Source material -
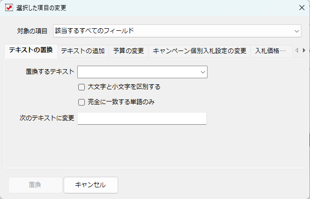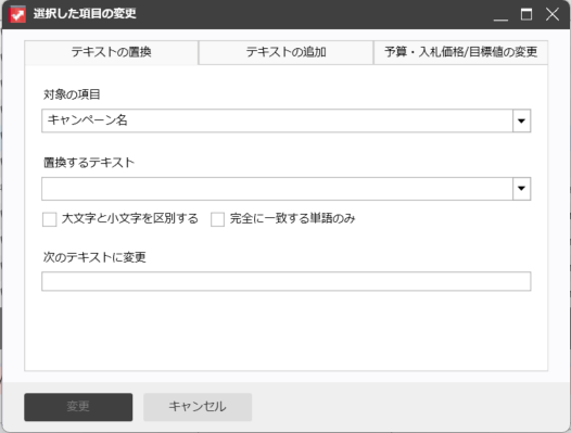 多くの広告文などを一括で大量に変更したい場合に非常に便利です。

==

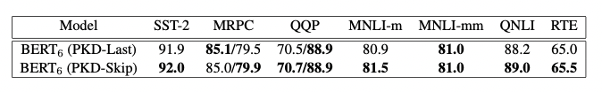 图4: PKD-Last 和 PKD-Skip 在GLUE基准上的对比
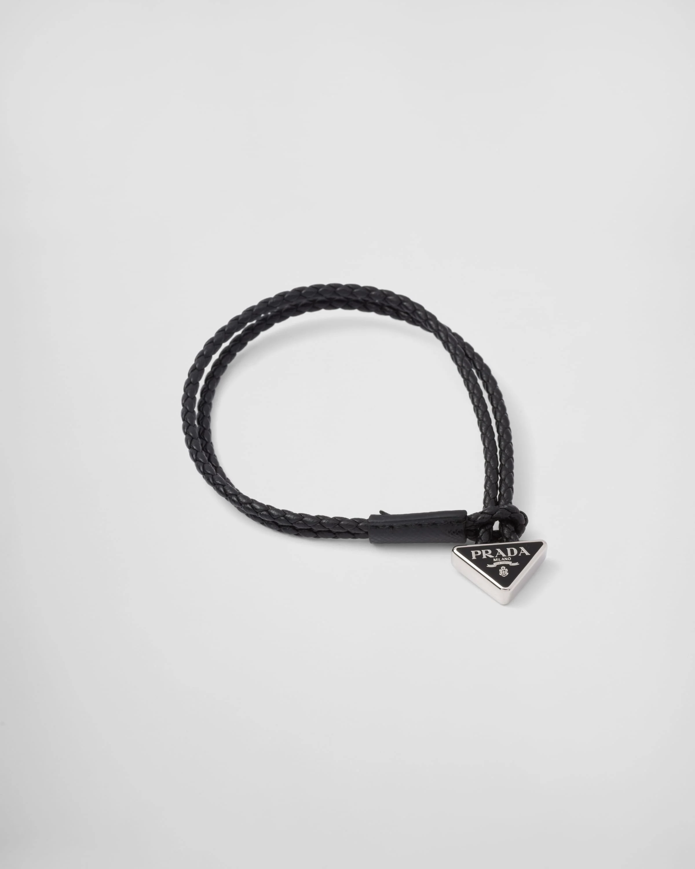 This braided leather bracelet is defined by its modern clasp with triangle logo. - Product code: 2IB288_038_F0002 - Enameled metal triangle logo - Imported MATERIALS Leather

What to work on - In the records above, find the line with "图4: PKD-Last 和 PKD-Skip 在GLUE基准上的对比" and the line with "This braided leather". Write out exactly those lines and every one between, with no pictures and no other lines.

Task response -
 图4: PKD-Last 和 PKD-Skip 在GLUE基准上的对比
 This braided leather bracelet is defined by its modern clasp with triangle logo. - Product code: 2IB288_038_F0002 - Enameled metal triangle logo - Imported MATERIALS Leather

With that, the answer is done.